兎部とべさん⁉︎ どうしたんだい、そのひどい怪我……」

「買い物の帰りだったんだけど、食べ物の匂いにつられた獅子ししに襲われたんだ。もう、あいつ、理性を失ってる」

「オィオィ、その獅子は今ドコにいるん」


 蛙男の、エフェクトが掛かったような「だ」の声が、外から聞こえる轟音に掻き消される。


 どすんどすんと地鳴りがした。淡い光を放つ、提灯風の照明が天井で揺れている。

 『ウルトラマン』の怪獣が暴れる足音と似た音。その音は次第にこちらへ近付いてきている。

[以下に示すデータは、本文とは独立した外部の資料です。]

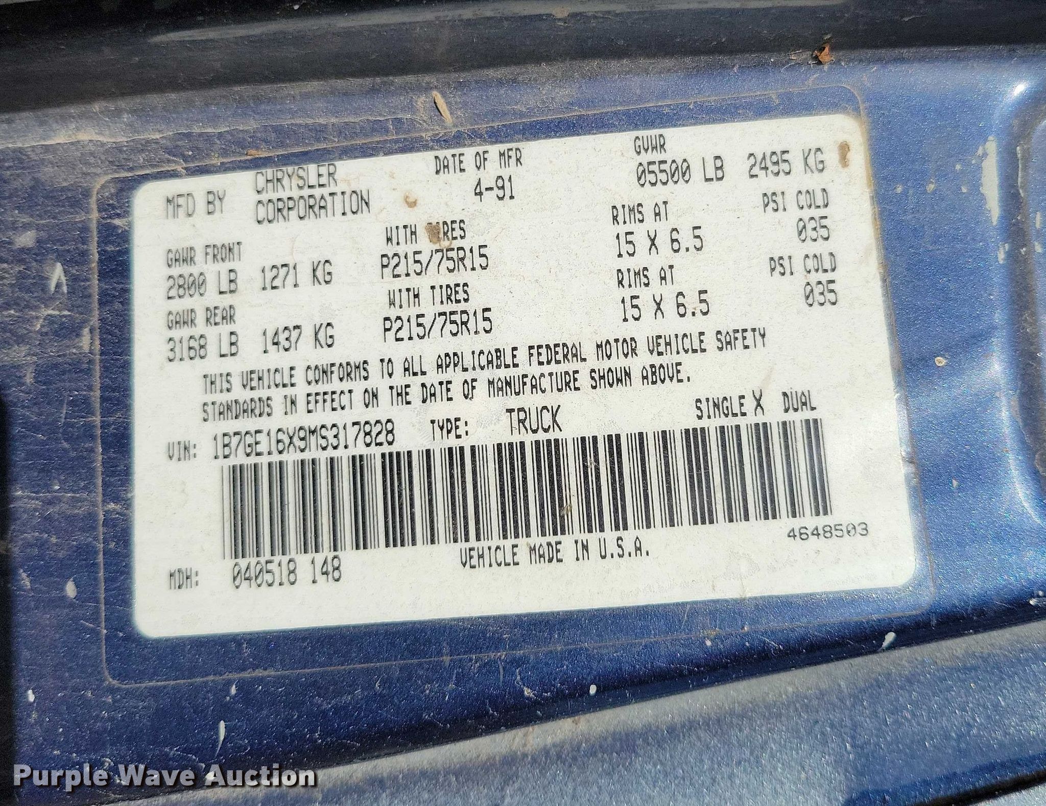 Purple Wave is selling a used 1/2 Ton Pickup or Van in Iowa. This item is a 1991 Dodge D150 pickup truck with the following: Miles: 39,523 on odometer, VIN: 1B7GE16X9MS317828

 蛙男のひとりが扉を開け、「そいやっ」と何かを投げた。水風船が割れるような音に続いて、彼の「よしっ」という声が聞こえる。


「皆さん。兎部さんの治療と、僕の後始末をよろしくお願いします!」


 狐男はそう言い残すと、扉を開けて外へ出て行った。蛙男のひとりもすぐに後を追った。

 彼らが出てから少し経って、大きな足音が二つになり、しだいに離れていく。